Durch diesen Wirkmechanismus kann die Kollagensekretion in hepatischen Sternzellen unterdrückt werden. Diese Zellen spielen eine wichtige Rolle bei der Regeneration der Leber, jedoch kann durch fehlgeleitete Prozesse auch eine Leberfibrose gefördert werden. Genau in diesen Prozessen scheint der GPR55-Rezeptor eine regulierende Rolle zu spielen. Forscher schlagen vor, GPR55-Antagonisten wie P1-1 zukünftig als mögliche Kandidaten zur Behandlung von Leberfibrose zu erwägen.

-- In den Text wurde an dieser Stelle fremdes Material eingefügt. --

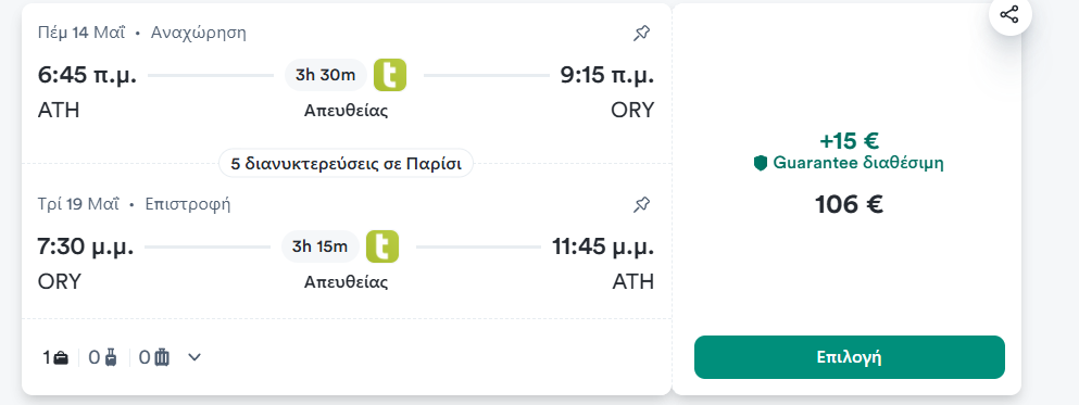 (Απευθείας πτήσεις Αθήνα – Παρίσι – Αθήνα. Ανταγωνιστική τιμή για Μάιο, με απευθείας δρομολόγιο και χειραποσκευή καμπίνας, ιδανικές ώρες που εξασφαλίζουν ουσιαστικά γεμάτη πρώτη και τελευταία ημέρα.)
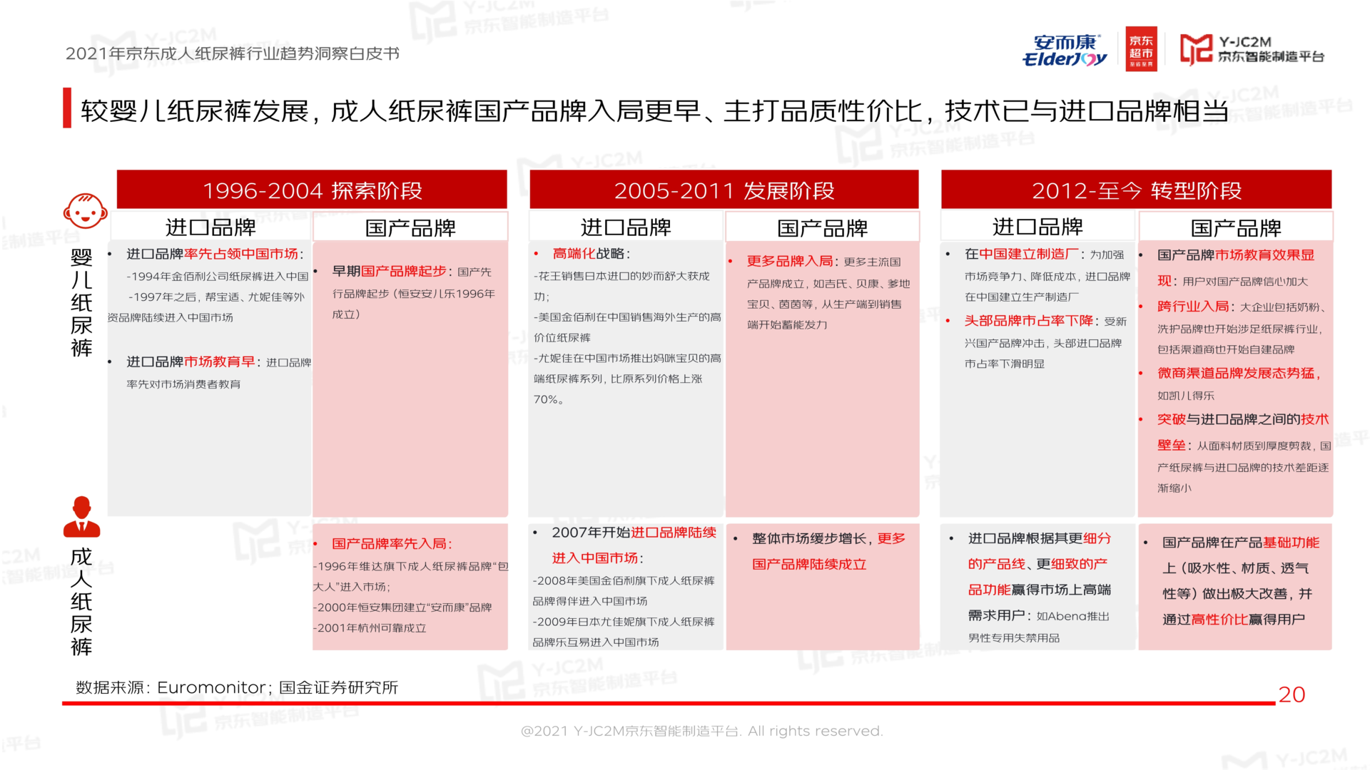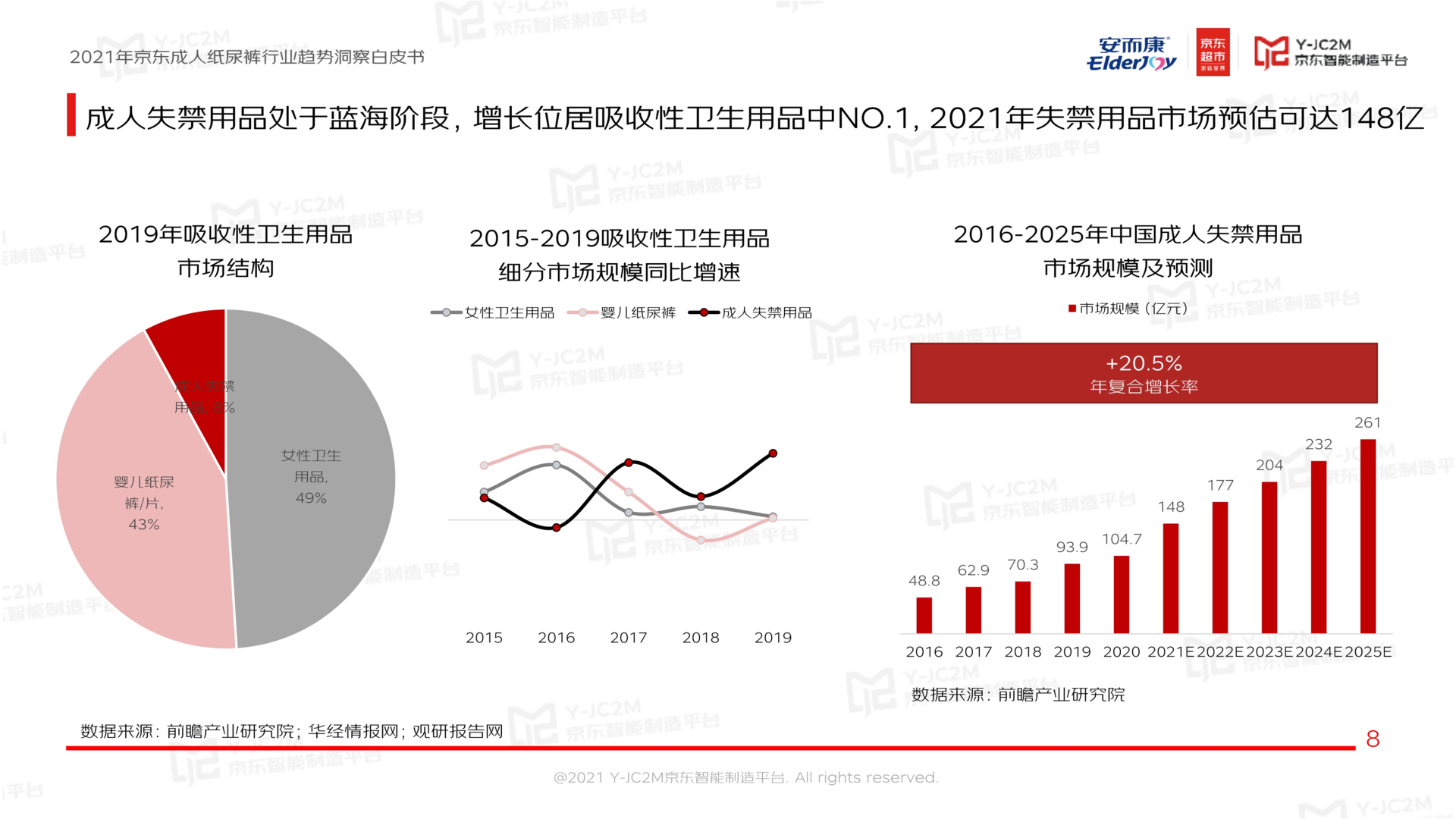 通过《2021年京东成人纸尿裤行业趋势洞察白皮书》的解读,我们不难发现,相较于历经多年发展、已接近或达到成熟期的婴儿护理用品和女性卫生用品行业,国内成人失禁用品行业现在刚刚开始步入成长通道,未来将成长为高增长赛道。综合消费升级趋势下的市场扩容、消费者教育后品牌认知提升等因素的作用,同时伴随养老服务制度在我国的完善,以及成人失禁护理相关福利政策的陆续出台,未来我国成人失禁用品机构渠道与个人需求增长将不断提速,而以尊龙时凯集团旗下安而康品牌为代表的国货更将有望凭借产品和先发优势继续领跑。

Verbessertes Verständnis der Oberflächenstruktur
Die genaue Entschlüsselung der Oberflächenstruktur und der daraus resultierenden Signalwege, die durch Substanzen an diesem Rezeptor in Gang gesetzt werden, ist ebenfalls Gegenstand aktueller Forschungen. Stark vereinfacht kann man sich einen Rezeptor wie ein Puzzleteil vorstellen, an das ein passendes Gegenstück andockt. Dabei ist es von der Form des Puzzlestücks abhängig, welches Gegenstück kompatibel ist. Obwohl GPR55 – ähnlich wie die klassischen Cannabinoidrezeptoren – zu den G-Protein-gekoppelten Rezeptoren gehört, funktioniert er deutlich anders.
So zeigt beispielsweise das synthetische Cannabinoid AM251 eine antagonistische Wirkung am CB1-Rezeptor, weist jedoch am GPR55-Rezeptor eine agonistische Wirkung auf. Warum das so ist, ist eine entscheidende Frage, wenn man die Funktionsweise dieses Rezeptors verstehen möchte. Unter anderem mit dieser Frage beschäftigte sich ein chinesisches Forschungsteam in einer 2024 veröffentlichten Studie.
Das Team konnte bestimmte Oberflächeneigenschaften des Rezeptors entschlüsseln und auf diese Weise die unterschiedliche Bindung eines Cannabinoids an zwei verschiedene Rezeptoren erklären. Solche Prozesse im Detail zu verstehen, ist die Voraussetzung für die zukünftige Entwicklung neuer, zielgerichteter Medikamente, die am GPR55-Rezeptor wirksam sind.